We really aren’t getting enough: from clearing skin and helping with headaches to boosting energy, simply drinking enough H2O each day can be a huge health enhancer. Yet did you know that our needs differ?
According to the Mayo Clinic, men should generally drink about 13 cups of water a day (approximately 3 litres), while women should aim for 9 (a little over 2 litres). To find out exactly how much:
Step 1: Take your weight (in lbs) and divide that by 2.2
Step 2: Multiply that number depending on your age
if you’re younger than 30, multiply by 40
if you’re between 30 and 55, multiply by 35
if you’re older than 55, multiply by 30
Step 3: Divide that sum by 28.3
Step 4: Your total is how many ounces of water you should drink each day. Divide that number by 35 to see your result in litres.
Of course, anyone who works out on a regular basis should be drinking more water than someone who’s sedentary. Add 12 ounces (a third of a litre) of water to your daily intake for every 30 minutes you’re hitting the gym. To calculate exactly how much water that is, use this equation:
Your above result in oz. + (X minutes of exercise divided by 30 minutes) x 12 oz. = oz. of water you should drink per day. (Remember to divide this final number by 35 if you’d rather work it out in litres).

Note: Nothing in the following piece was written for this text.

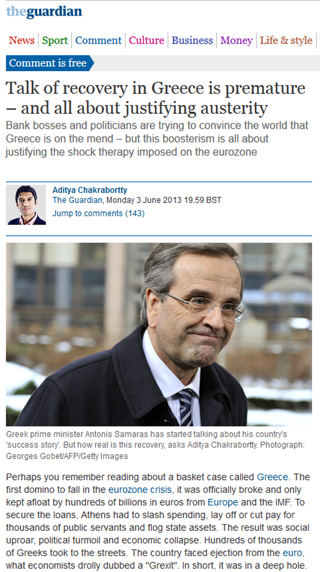 «Εδώ και μερικές εβδομάδες ανώτεροι αξιωματούχοι της Αθήνας προσπαθούν να πείσουν τον κόσμο ότι ήρθαν και πάλι οι ευτυχισμένες μέρες. Ο Αντώνης Σαμαράς κάνει πλέον λόγο για το ελληνικό success story» γράφει ο Aditya Chakrabortty που υπογράφει το άρθρο, προσθέτοντας: «Το αφεντικό της κεντρικής τράπεζας υποστηρίζει πως η Ελλάδα έχει επανέλθει στον σωστό δρόμο. Ο ελληνικός Τύπος και μέρος του διεθνούς γνέφουν καταφατικά, ενώ οι κάτοχοι ελληνικών ή ευρωπαϊκών επενδυτικών αγαθών επικροτούν: ξεχάστε το Grexit και καλωσορίστε την Greecovery».

Your diet plays a big role in your water intake. Foods that already contain a lot of water — think Brussels sprouts, celery, and cabbage — get rid of unwanted fluids, so you’ll want to drink more water to replace what was excreted. On the other hand, foods that have a lot of sodium — like some popcorn and soup — will do the opposite, causing your body to retain water, and in turn, increasing your blood pressure. You’ll be thirsty for a reason: Your body is begging for some fluids.